The term of each Reload Option shall be equal to the remaining option term of
the underlying Option. No additional Reload Options shall be granted to Option
holders when Options and/or Reload Options are exercised pursuant to the terms
of the Plan following termination of the Option holder's employment or on
account of death or total and permanent disability. All other provisions of the
Plan with respect to Options shall apply equally to Reload Options.

      Q. Rights as a Shareholder: No Option holder shall have rights as a
shareholder with respect to any shares of the Common Stock covered by such
Option except as to such shares as have been registered in the Company's share
register in the name of such person upon the due exercise of the Option.
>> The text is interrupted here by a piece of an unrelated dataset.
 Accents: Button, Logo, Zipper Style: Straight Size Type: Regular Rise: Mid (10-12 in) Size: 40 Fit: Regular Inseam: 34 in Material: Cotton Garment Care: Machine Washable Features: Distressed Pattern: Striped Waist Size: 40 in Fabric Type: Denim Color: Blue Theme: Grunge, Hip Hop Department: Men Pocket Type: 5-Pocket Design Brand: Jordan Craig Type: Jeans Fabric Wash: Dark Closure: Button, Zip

      R. Effect of Corporate Transaction: In the event of a Corporate
Transaction, the Committee shall, prior to the effective date of the Corporate
Transaction, as to each outstanding Option under the Plan either (i) make
appropriate provisions for the Options to be assumed by the successor
corporation or its parent or be replaced with a comparable options to purchase
shares of the capital stock of the successor corporation or its parent; or (ii)
upon written notice to the Option holders provide that all Options must be
exercised and the Plan will terminate (all Options having been made fully
exercisable as set forth below in this Section VI.R); or (iii) terminate all
Options in exchange for a cash payment equal to the excess of the then aggregate
Fair Market Value of the shares subject to such Options (all Options having been
made fully exercisable as set forth below in this Section VI.R) over the
aggregate Option price thereof. The determination of comparability under this
Section shall be made by the Committee and its determination shall be final,
binding and conclusive.

      Each outstanding Option under the Plan which is assumed in connection with
a Corporate Transaction or is otherwise to continue in effect shall be
appropriately adjusted, immediately after such Corporate Transaction, to apply
and pertain to the number and class of securities which would have been issued,
in consummation of such Corporate Transaction, to an actual holder of the same
number of shares of the Common Stock as are subject to such Option immediately
prior to such Corporate Transaction. Appropriate adjustments shall also be made
to the Option price payable per share, provided the aggregate Option price
payable for such securities shall remain the same. In addition, the class and
number of securities available for issuance under the Plan on both an aggregate
and per participant basis shall be appropriately adjusted to reflect the effect
of the Corporate Transaction upon the Company's capital structure.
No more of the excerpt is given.